§ **Exercise data**
┏━━
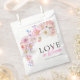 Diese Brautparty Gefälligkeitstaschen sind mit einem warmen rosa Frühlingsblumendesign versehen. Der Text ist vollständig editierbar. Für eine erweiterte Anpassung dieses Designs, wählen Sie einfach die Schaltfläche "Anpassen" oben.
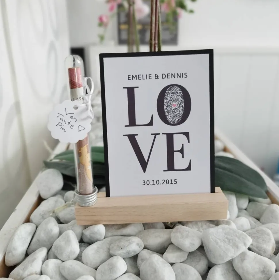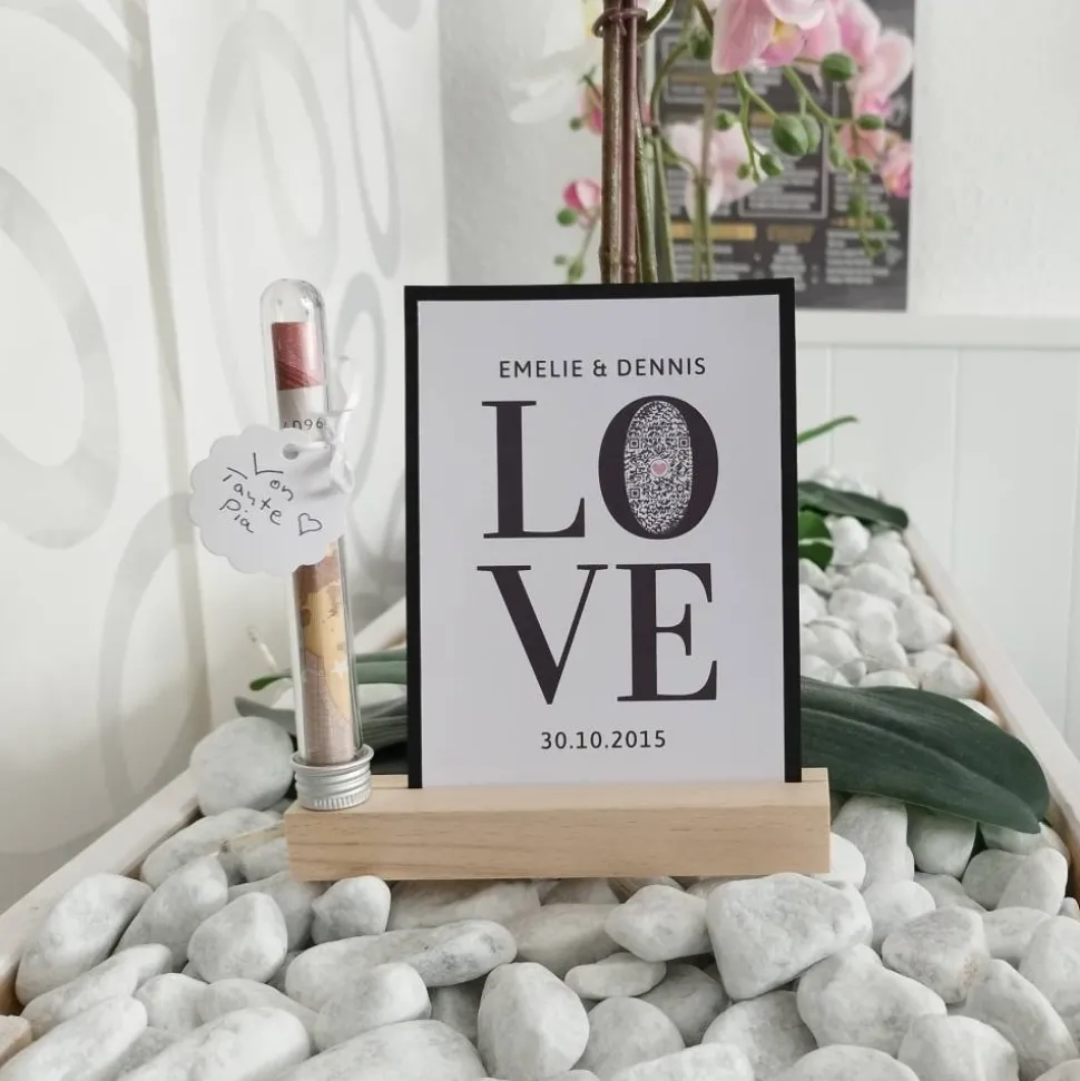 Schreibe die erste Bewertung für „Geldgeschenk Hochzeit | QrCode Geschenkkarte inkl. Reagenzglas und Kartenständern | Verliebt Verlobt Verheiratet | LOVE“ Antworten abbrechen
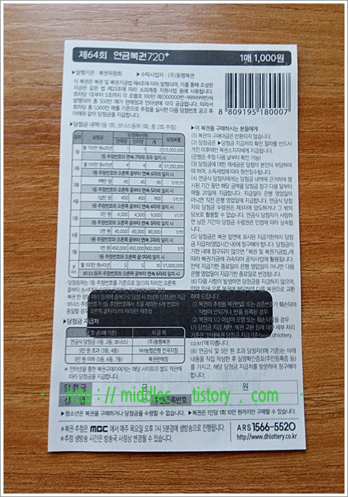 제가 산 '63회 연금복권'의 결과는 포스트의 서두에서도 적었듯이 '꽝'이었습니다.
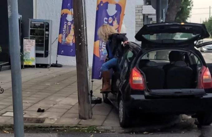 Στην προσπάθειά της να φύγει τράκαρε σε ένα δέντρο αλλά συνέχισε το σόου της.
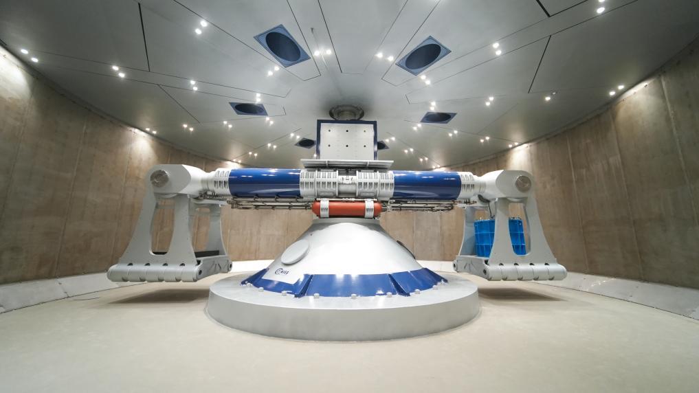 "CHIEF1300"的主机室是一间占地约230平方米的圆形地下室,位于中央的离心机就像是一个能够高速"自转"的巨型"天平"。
┗━━
Leaving out every picture, repeat the records above exactly as they stand.

 Diese Brautparty Gefälligkeitstaschen sind mit einem warmen rosa Frühlingsblumendesign versehen. Der Text ist vollständig editierbar. Für eine erweiterte Anpassung dieses Designs, wählen Sie einfach die Schaltfläche "Anpassen" oben.
 Schreibe die erste Bewertung für „Geldgeschenk Hochzeit | QrCode Geschenkkarte inkl. Reagenzglas und Kartenständern | Verliebt Verlobt Verheiratet | LOVE“ Antworten abbrechen
 제가 산 '63회 연금복권'의 결과는 포스트의 서두에서도 적었듯이 '꽝'이었습니다.
 Στην προσπάθειά της να φύγει τράκαρε σε ένα δέντρο αλλά συνέχισε το σόου της.
 "CHIEF1300"的主机室是一间占地约230平方米的圆形地下室,位于中央的离心机就像是一个能够高速"自转"的巨型"天平"。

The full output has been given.